David Bailey, EDGE, Texas Tech
Bailey is going to put the quarterback on the ground. He led college football with 14.5 sacks a year ago, and he is going to be among the top sack-producers in the NFL. He is an explosive athlete with a wide assortment of moves, the sort of player who can beat an opposing tackle in three different ways on back-to-back-to-back plays. He can fire off the ball and come screaming around the corner. He has a lethal spin move that basically can’t be stopped by a single blocker. And he is utterly relentless, never getting stuck on blocks and always working to find his way into the pocket to bring the quarterback down.
Bailey is an elite pass rusher and well worth a top five pick, and there are only a couple things that hold him back from joining the elite tier of edge defenders I’ve scouted (Myles Garrett, Chase Young, the Bosas). He’s a bit on the small side at only 6-3 and 251 pounds, not enough to prevent him from being one of the best in the league, but enough to keep him from being utterly unstoppable. He can occasionally get good push going through a blocker’s chest, but he is more adept at going around contact than through it. He plays with good technique and leverage as a run defender, and I think he's better than he gets credit for, but the stronger linemen in the NFL might be able to push him around a little.
I do
think there is room to grow in Bailey’s game, and he is more than just the
safest edge prospect in the class. He does some nice subtle work with his
hands, but there’s more technique he can develop to keep blockers from cutting
off his path. It’s very difficult for anyone to lay a hand on him, but when
they do he can get widened off his path. I think he has the frame to add more
muscle, which should help him cut the corner sharper when he does explode past
a tackle’s initial set. As he is now, Bailey looks like a reliable double-digit
sack producer, with the potential to grow to someone consistently competing for
the league lead.
Rueben Bain, EDGE, Miami
I have to start by talking about the arms. One of the most-discussed topics of the draft season is the length of Bain’s arms, and with good reason. Measuring less than 31 inches at the Combine, his arms aren’t just shorter than average. They are historically short, the sort of thing that we almost never see from an NFL edge rusher, much less one in the conversation to be a first round pick.
How much does arm length matter? Well, it definitely matters some. Edge rushers use their arms for all sorts of things. They’re used to create a buffer between themselves and a blocker. They’re used to establish leverage when going for a bull rush. And they’re used to make tackles, as the best linemen are able to close off gaps on either side simply by sticking out their arms and grabbing a ball carrier as they try to escape past.
All of these are issues that show up on Bain’s tape. He can get incredible drive into a blocker’s chest when he goes for a bull rush, but he can also be stopped dead in his tracks when the opposing lineman sticks out his hands to cushion the blow. He holds his ground extremely well in the running game, but he can struggle to separate from blocks to bring a ball carrier down. When a lineman gets his hands on Bain, there isn’t much he can do.
The arm length is an issue.
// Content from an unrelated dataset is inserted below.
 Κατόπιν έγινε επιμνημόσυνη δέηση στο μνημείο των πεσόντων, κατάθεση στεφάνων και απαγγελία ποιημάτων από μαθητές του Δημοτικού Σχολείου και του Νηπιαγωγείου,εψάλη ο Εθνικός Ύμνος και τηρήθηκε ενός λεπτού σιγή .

And the tape is good enough that I am mostly willing to look past it. Bain was the best player in college football at any position last year, the sort of destructive force that regularly took over games and gave nightmares to quarterbacks, linemen, and coaches.
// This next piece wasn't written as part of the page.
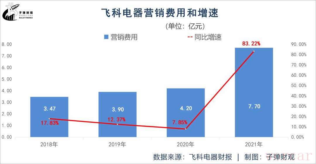 而飞科电器扣非净利润增长乏力的原因,不外乎两点:营收下滑和成本陡增。先看营收,飞科的电工电器业务营收在减少。根据已公开的财报,2021年飞科的电工电器业务营收为0.27亿元,较2020年同期的0.35亿元下滑超过20%,达到23.67%。再看成本,飞科电器的营销费用在攀升。据飞科电器此前发布的财报显示,2021年该公司的营销费用为7.70亿元,较上年同期的4.20亿元上涨超过80%,达到83.22%。而且,此前3个年度飞科电器的营销费用增速均为正值,分别为17.83%、12.37%和7.85%,平均增速达12.68%。

He makes up for his shortcomings with an assortment of traits that I would best describe as eccentric. He has a broad frame and a powerful build, but he is also lightning quick laterally and his incredible bend around the corner. His hand technique can best be described as brute force, an aggressive and violent array of swipes that make up for their lack of diversity with simple overwhelming power. If you can get your hands on Bain, you can block him, but most of the time anyone who tries finds their own arms swatted away as Bain races past into the backfield.
It’s
hard to know how to value a player like this. It’s possible that his game is
varied enough to make his physical shortcomings mostly irrelevant, in which
case he has the upside to be one of the best in the league. It’s also possible
that more gifted and more skilled linemen in the NFL will know how to counter
his attacks, leaving him consistently frustrated. I would put better odds on
the former than the latter, and in the end I think he’ll settle in as a player
who dominates most of the time, who will then disappear two or three games a
year when facing an elite blocker who knows how to take advantage of his flaws.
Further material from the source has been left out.